Tuvo una salud muy frágil desde niño. Falleció a los 44 años, cuando ya había dejado atrás su vida como hijo único de una acomodada familia escocesa de Edimburgo, y se había convertido en una pequeña celebridad local en Samoa. Allí, más que Robert Louis Stevenson, era Tusitala, el que cuenta historias .

Para entonces ya se había hecho un hueco en la historia de la literatura universal con sus dos títulos más conocidos, una novela sobre piratas y otra sobre una patológica historia de desdoblamiento de personalidad. Estas y otras obras, como La flecha negra o El señor de Ballantrae , han sido profusamente llevadas a la gran pantalla.

Pero sin duda La isla del tesoro ha sido su contribución más popular al cine, con decenas de versiones, incluidas varias de dibujos animados y una película de 1972, rodada en playas de Almería y con Orson Welles en el papel de Long John Silver.

Menos conocidas que sus obras de aventuras o de terror psicológico, pero no menos importantes, son sus reflexiones sobre viajes. Este autor fue la personificación de los versos de Antonio Machado (“se hace camino al andar”).

No ambiciono riquezas, ni esperanzas, ni amor, ni un amigo que me comprenda. Todo lo que pido es un cielo sobre mí y un camino a mis pies

Su faceta de trotamundos queda reflejada en frases que son toda una declaración de intenciones: “No ambiciono riquezas, ni esperanzas, ni amor, ni un amigo que me comprenda. Todo lo que pido es un cielo sobre mí y un camino a mis pies”.

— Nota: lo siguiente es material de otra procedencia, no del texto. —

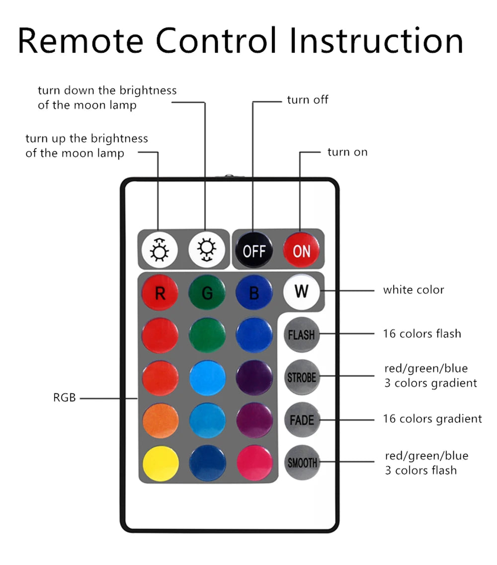 1. Touch the metal ring at the bottom of the moon lamp to turn on / off the light and change color.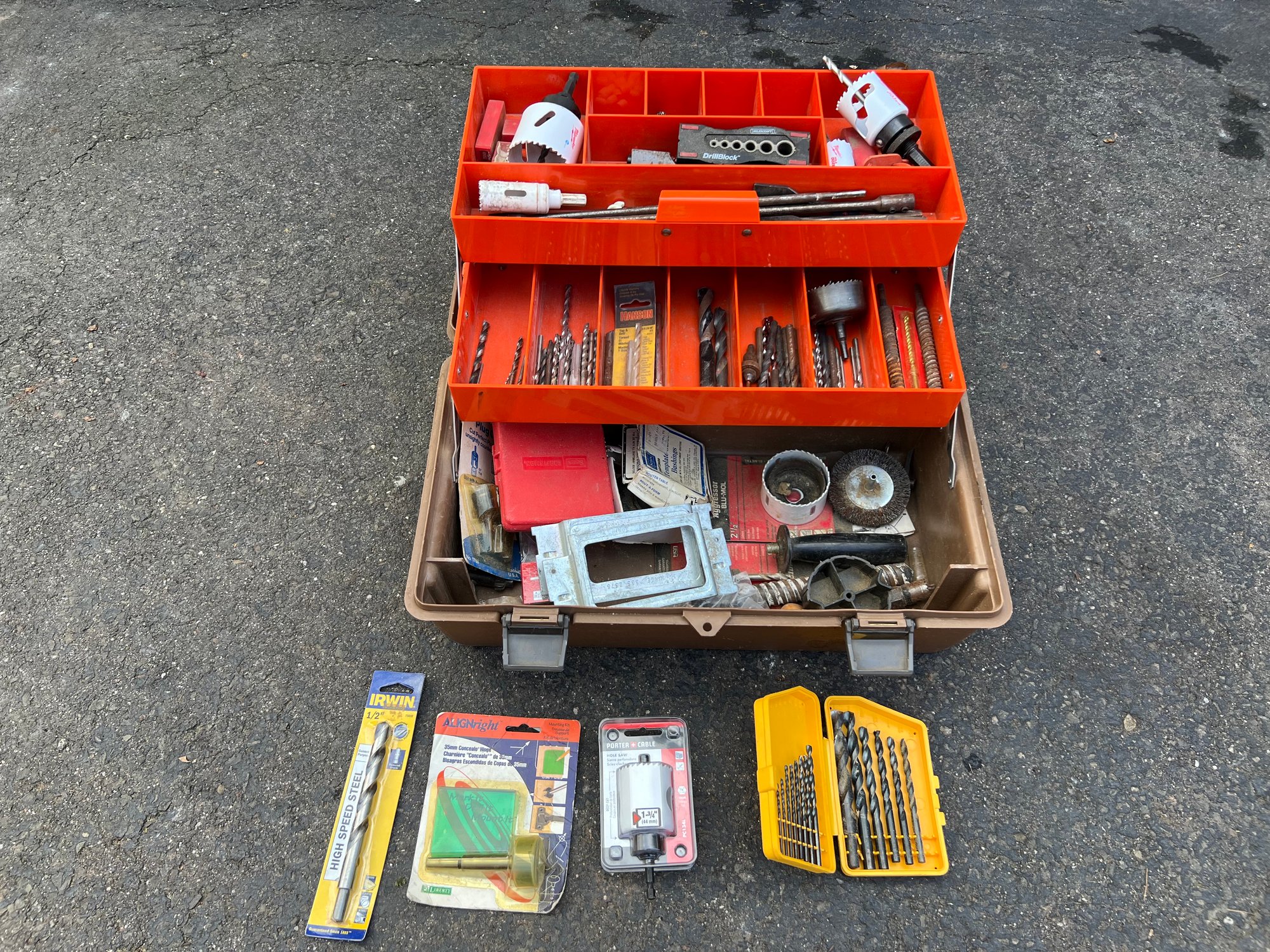 Tool Box Full Of Drill Bits, Hole Saws, And More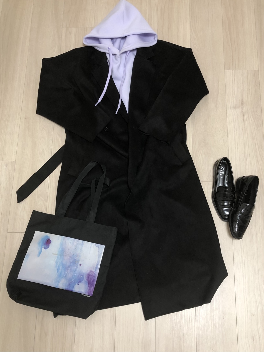 4月はお花見シーズンですが、例年、意外と肌寒い日も多いですよね。ただしコーデに少しずつ春をとりいれたい時期。黒や紺のアウターから、ラベンダーカラーのフードを覗かせるだけで春っぽさと抜け感がでて、華やかになりますよ。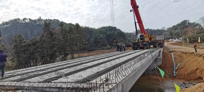 鮑家橋全長(cháng)30.04米,橋梁全寬8.5m,凈寬7.5m,橋梁結構為1×20m預應力砼密肋式簡(jiǎn)支T梁。為順利完成梁板吊裝作業(yè),公司精心組織,在梁板吊裝前認真做好安全技術(shù)交底、設置警戒區域等前期準備工作,在吊裝當日公司安全部前往施工現場(chǎng)監督指導,確保安全施工,保障該橋梁主體工程順利完成。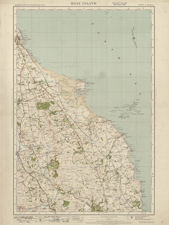 Antigua Mapa del Servicio de Ordenanzas, Hoja 2: Isla Sagrada, 1919-1926: Belford, Wooler, Seahouses y Berwick-upon-Tweed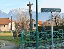 Le centre de l'ancien village médiéval, autour du prieuré et de son église, était situé dans la partie la plus proche du lac, en zone humide[1]. Le lieu reste mentionné par le toponyme « Vieille église »[1], où subsiste une croix. Il semble toutefois que le lieu-dit « Tavan » soit plus ancien avec notamment la présence d'une chapelle dite « Vieille »[1], située sur l'ancienne voie de romaine.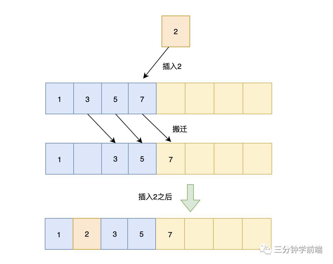 function insertionSort(arr) { let n = arr.length; let preIndex, current; for (let i = 1; i < n; i++) { preIndex = i - 1; current = arr[i]; while (preIndex >= 0 && arr[preIndex] > current) { arr[preIndex + 1] = arr[preIndex]; preIndex--; } arr[preIndex + 1] = current; } return arr;}插入算法的核心思想是取未排序区间中的元素,在已排序区间中找到合适的插入位置将其插入,并保证已排序区间数据一直有序。重复这个过程,直到未排序区间中元素为空,算法结束。

El lector que quiera acercarse al Stevenson trotamundos tiene una oportunidad de oro, Viajar (de la editorial Páginas de espuma), que reúne sus mejores ensayos sobre sus vagabundeos. De su Edimburgo natal no guardaba un grato recuerdo: “Aquellos que aman la caricia y las bendiciones del sol no encontrarán un lugar más inhóspito ni más agobiante para vivir”.

Aquellos que aman la caricia y las bendiciones del sol no encontrarán un lugar más inhóspito ni más agobiante para vivir que Edimburgo

Las enfermedades y su aversión a los climas fríos y húmedos explican su continuo peregrinaje. Aunque a veces pasó apuros económicos, tuvo durante la mayor parte de su vida una muy desahogada posición económica. Vivió en Francia, donde conoció a la que sería su esposa, la separada estadounidense Fanny Ousbourne. También pasó largas estancias en Alemania y en Davos (Suiza), escenario de La montaña mágica , de Thomas Mann.

En 1881 su salud, que siempre fue muy delicada, empeoró más si cabe. Sus propias palabras lo atestiguan: “Era un amasijo de respiración entrecortada y un catálogo de dolores, una representación de la muerte”. Pero ni siquiera con tantos males abandonó la pasión por viajar y escribir. De hecho, le quedaba por descubrir la gran maravilla de su vida: los mares del Sur.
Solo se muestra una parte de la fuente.